Abstract

Rolling bearings are the core components of the machine. In order to save costs and prevent accidents caused by bearing failures, the rolling bearing fault diagnosis technology has been widely used in the industrial field. At present, the proposed methods include wavelet transform, morphological filtering, empirical mode decomposition (EMD), and ensemble empirical mode decomposition (EEMD), which have obvious shortcomings. As it is difficult to extract the fault characteristic frequency caused by nonlinear and nonstationary features of the rolling bearing fault signal, this paper presents a fault feature extraction method of rolling bearing based on nonlinear mode decomposition (NMD) and wavelet threshold denoised method. First of all, the fault signal was preprocessed via wavelet threshold denoising. Then, the denoised signal was decomposed by using NMD. Next, the mode component envelope spectrum was made. Finally, the fault characteristic frequency of rolling bearing was extracted. The method was compared with EMD through the simulation experiment and rolling bearing fault experiment. Meanwhile, two indicators including signal-noise ratio (SNR) and root-mean-square error (RMSE) were also established to evaluate the fault diagnosis ability of this method, and the results show that this method can extract the fault characteristic frequency accurately.

1. Introduction

Rolling bearings are called “industrial joints.” Bearing industry, the basic and key industry of machinery industry, often represents or restricts the development level of a country’s machinery and other related industries. However, poor working conditions often affect their health status [1]. In order to save costs and prevent accidents due to bearing failures, the rolling bearing fault diagnosis technology has been widely used in the industrial field [2]. Rolling bearing failure and complex interference signals, including pulse and modulation signals, likely affect the extraction of fault characteristic frequency. Signals from complex systems usually consist of a mixture of different oscillations, so the signals should be decomposed to make reliable analysis, namely, to restore the various oscillations present therein, separating them from each other and from the presence of noise interference [3]. How to effectively extract the fault characteristic frequency is a key technical problem to bearing fault diagnosis.

The proposed methods include wavelet transform, morphological filtering, Hilbert–Huang transform, empirical mode decomposition (EMD), and ensemble empirical mode decomposition (EEMD) [4], in which obvious shortcomings could be found. For example, the wavelet transform can effectively suppress white noise, but it is unable to suppress the interference of the pulse signal completely [5]. Although the morphological filtering can effectively suppress impulsive interference ability, the algorithm is simple and feasible [6], but there are some problems such as statistics offset and element selection [7]. As for the empirical mode decomposition [8], it does not have good antinoise [9]; moreover, low efficient algorithms [10], modal aliasing, and other issues [11] remain unsolved. In order to reduce the sensitivity of EMD to noise, Wu and Huang proposed a variant called ensemble empirical mode decomposition (EEMD) [12], which added the white Gaussian noise to the signal using the EMD method [13]. However, EEMD cannot be a good antinoise method [14].

Therefore, these methods have the following deficiencies:(1)The method contains user-defined parameters and is very sensitive to the choice of parameters. These parameters cannot be adaptively selected, and there is no more or less common setting.(2)The method does not have good noise robustness.(3)If a single mode has a complex (nonsinusoidal) waveform, the method breaks it down into several oscillations with simpler waveforms [15].(4)The modes returned by some methods are not always physically meaningful.
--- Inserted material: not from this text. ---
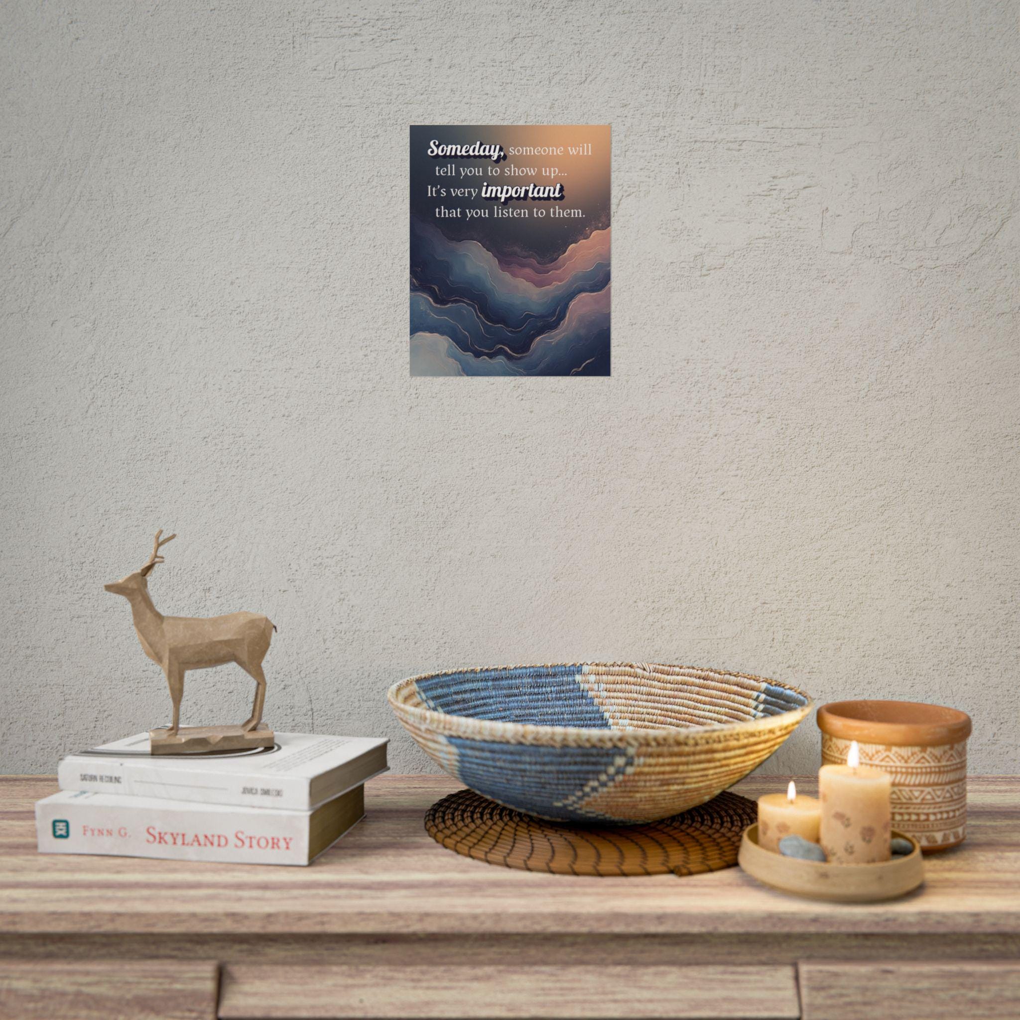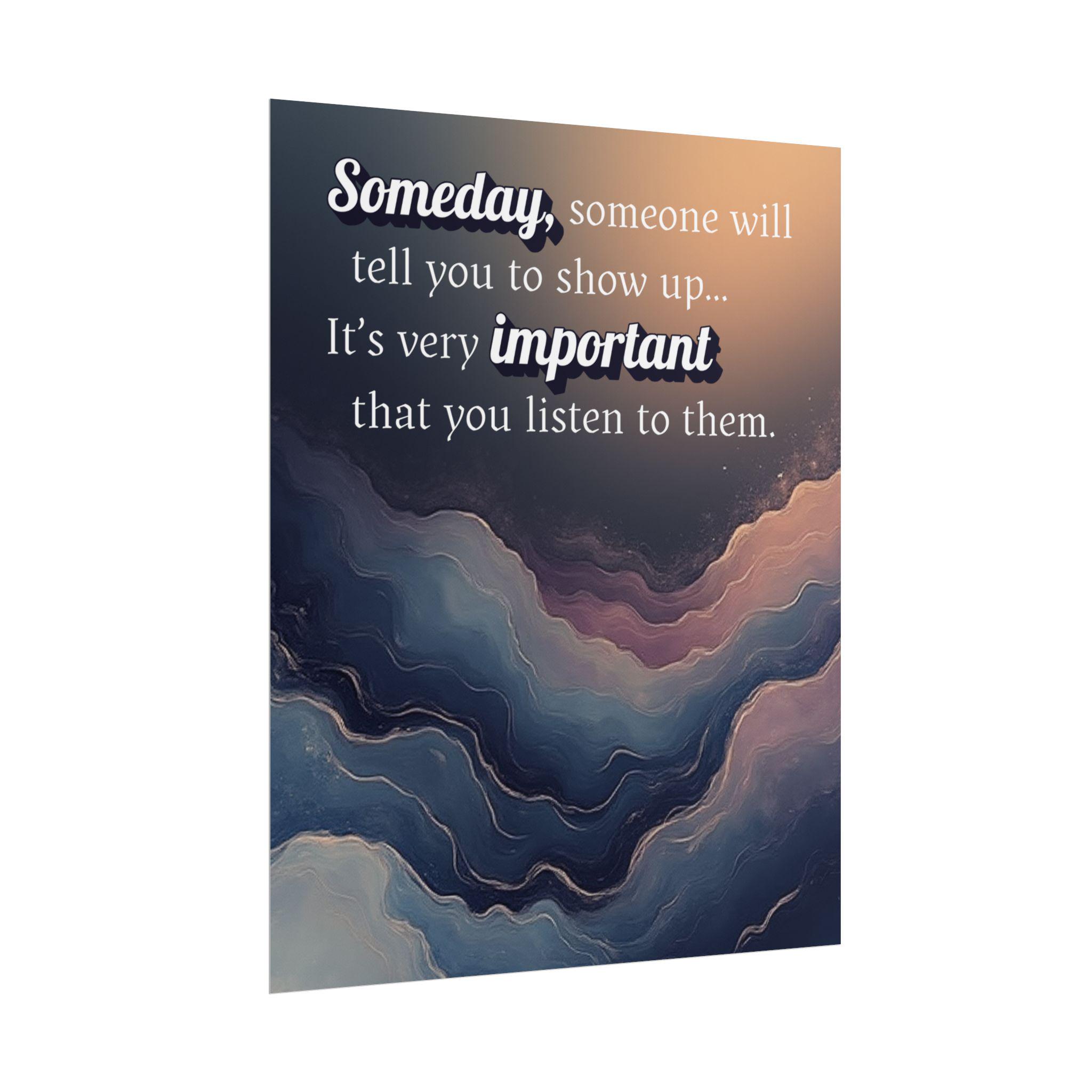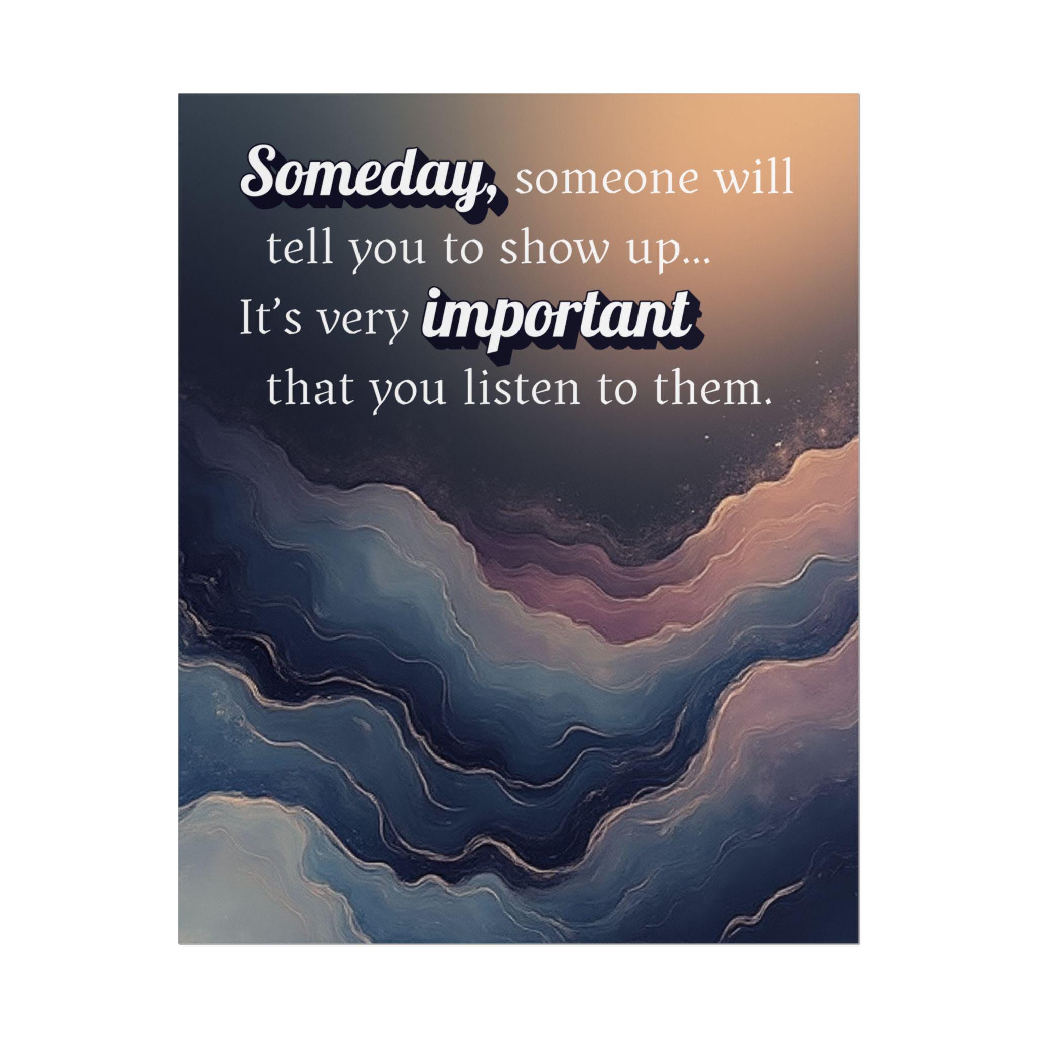 This "Someday, someone will tell you to SHOW UP...its very important you listen to them." Designed in a pleasing aesthetic syle and anyone who needs an uplifting message during busy times. Slow down, create the memories that will last a lifetime.

For example, some methods even decompose a random signal (such as Brown noise) into a set of oscillations [15].

In view of these problems mentioned above, this paper presents a fault feature extraction method based on nonlinear mode decomposition and wavelet threshold denoising, which can solve these problems. Firstly, the signal is preprocessed by using wavelet threshold denoising, and then the signal of noise reduction is processed by nonlinear mode decomposition. The corresponding time domain and envelope spectra are drawn and analyzed to obtain the fault characteristic frequency of the rolling bearing.
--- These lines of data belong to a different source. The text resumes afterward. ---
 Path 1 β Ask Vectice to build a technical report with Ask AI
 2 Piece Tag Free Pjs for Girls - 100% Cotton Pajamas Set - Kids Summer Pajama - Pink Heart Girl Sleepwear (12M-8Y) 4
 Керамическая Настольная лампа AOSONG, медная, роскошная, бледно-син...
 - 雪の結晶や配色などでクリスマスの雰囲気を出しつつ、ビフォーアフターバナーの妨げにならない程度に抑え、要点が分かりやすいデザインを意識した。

2. Wavelet Threshold Denoising

Analysis of the vibration signal found that the useful signal was often a low-frequency or a relatively stable signal, while the noise signal was usually a high-frequency one [16]. As a multiscale signal analysis method, wavelet transform has a certain capability of recognition in the time-frequency domain. The improvement of the Fourier transform has powerful data analysis capability and perfect theoretical basis [17]. In the mechanical fault diagnosis, wavelet threshold denoising has been widely used for its excellent denoising and high-computational efficiency [18]. The basic idea of wavelet threshold denoising is to decompose the original signal by wavelet decomposition [19]. First, filter the coefficients after decomposition, and divide the coefficients into larger or smaller than a specific value. Then, reconstruct the selected components to obtain a preprocessed signal. Wavelet threshold denoising includes hard threshold denoising and soft threshold denoising [20]. The hard threshold denoising may preserve local features such as the edge of the signal, while the soft threshold denoising signal is relatively smooth [21].(1)The hard threshold denoising function is defined aswhere and denote the wavelet coefficients and the given threshold, respectively. is the wavelet coefficient after applying the threshold [22].(2)The soft threshold denoising function is defined aswhere sign means the function of obtaining a value [23].
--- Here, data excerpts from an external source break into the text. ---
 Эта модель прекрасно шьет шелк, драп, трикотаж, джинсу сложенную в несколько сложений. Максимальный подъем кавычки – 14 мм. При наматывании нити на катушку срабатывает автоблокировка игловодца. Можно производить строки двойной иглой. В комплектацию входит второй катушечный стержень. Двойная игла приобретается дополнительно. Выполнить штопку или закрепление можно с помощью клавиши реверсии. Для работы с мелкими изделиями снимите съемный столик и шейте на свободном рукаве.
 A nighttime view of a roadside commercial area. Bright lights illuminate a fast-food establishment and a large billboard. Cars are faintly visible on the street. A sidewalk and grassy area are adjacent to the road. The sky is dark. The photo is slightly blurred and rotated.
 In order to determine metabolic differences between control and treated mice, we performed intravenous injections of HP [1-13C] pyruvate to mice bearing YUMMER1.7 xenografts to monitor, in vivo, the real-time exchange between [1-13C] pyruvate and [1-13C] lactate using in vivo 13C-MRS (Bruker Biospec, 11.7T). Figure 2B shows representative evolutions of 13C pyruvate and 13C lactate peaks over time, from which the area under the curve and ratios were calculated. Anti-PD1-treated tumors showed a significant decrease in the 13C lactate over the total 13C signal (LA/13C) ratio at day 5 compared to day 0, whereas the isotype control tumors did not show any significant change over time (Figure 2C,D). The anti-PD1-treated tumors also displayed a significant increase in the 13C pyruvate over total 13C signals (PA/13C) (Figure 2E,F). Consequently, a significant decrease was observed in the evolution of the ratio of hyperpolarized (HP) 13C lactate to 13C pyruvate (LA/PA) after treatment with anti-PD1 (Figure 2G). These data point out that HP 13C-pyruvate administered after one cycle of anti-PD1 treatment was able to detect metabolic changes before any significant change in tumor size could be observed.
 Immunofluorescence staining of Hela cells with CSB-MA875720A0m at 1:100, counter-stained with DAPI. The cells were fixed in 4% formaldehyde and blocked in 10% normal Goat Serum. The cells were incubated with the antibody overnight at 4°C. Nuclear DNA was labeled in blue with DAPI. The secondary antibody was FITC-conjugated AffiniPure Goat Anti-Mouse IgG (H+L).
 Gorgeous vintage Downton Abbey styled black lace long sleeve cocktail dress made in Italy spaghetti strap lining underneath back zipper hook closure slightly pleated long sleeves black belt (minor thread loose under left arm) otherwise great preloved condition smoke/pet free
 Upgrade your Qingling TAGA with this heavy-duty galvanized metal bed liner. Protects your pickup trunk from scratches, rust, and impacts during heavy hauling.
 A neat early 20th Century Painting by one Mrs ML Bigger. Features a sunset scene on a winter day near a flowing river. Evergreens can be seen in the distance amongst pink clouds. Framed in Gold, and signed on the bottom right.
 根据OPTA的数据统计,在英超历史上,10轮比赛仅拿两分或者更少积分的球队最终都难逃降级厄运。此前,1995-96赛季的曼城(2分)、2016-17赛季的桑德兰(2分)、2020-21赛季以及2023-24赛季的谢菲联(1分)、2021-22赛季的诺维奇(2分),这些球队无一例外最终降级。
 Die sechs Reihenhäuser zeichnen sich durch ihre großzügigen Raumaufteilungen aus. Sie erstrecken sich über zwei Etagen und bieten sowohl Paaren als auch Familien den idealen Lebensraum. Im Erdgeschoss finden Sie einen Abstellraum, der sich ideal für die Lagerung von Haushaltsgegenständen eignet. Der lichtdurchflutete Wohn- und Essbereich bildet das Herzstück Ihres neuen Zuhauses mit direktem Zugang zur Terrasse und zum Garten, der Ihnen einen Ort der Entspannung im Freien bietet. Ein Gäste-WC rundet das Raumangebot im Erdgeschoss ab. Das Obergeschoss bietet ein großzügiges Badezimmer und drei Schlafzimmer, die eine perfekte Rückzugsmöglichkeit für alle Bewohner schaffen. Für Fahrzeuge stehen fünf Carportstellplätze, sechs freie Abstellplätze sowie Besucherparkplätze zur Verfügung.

The acquisition of thresholds is often achieved by estimation. Three commonly used threshold estimation methods are as follows [24]:(1)General threshold:where , N, and denote the given threshold, the length of wavelet coefficients, and standard deviation of noise, respectively.(2)Adaptive threshold selection based on unbiased likelihood estimation principle:where , , and denote the given threshold, risk function, and standard deviation of noise, respectively.(3)Heuristic optimal threshold estimation:

This is the synthesis of the first two methods and is the optimal predictor of threshold selection. When the signal to noise ratio is large, use the general threshold; when the signal to noise ratio is small, use unbiased likelihood estimation of the threshold. Let the sum of squares of n wavelet coefficients be s:

The threshold value is

3. NMD

3.1. Basic Principle of NMD

Nonlinear mode decomposition (NMD) is an adaptive decomposition tool for any waveform, decomposing a given signal into a set of actually needed and meaningful oscillations while excluding noise. NMD is a powerful combination based on time-frequency analysis techniques, and its adaptive selection of parameters makes it extremely noise robust; surrogate data tests are used to identify interdependent oscillations and to distinguish deterministic from random activity [15].

The main goal of NMD is to decompose a given signal into a set of nonlinear modes, which is defined as the sum of all the components corresponding to the same activity [15]. The NMD principle is as follows.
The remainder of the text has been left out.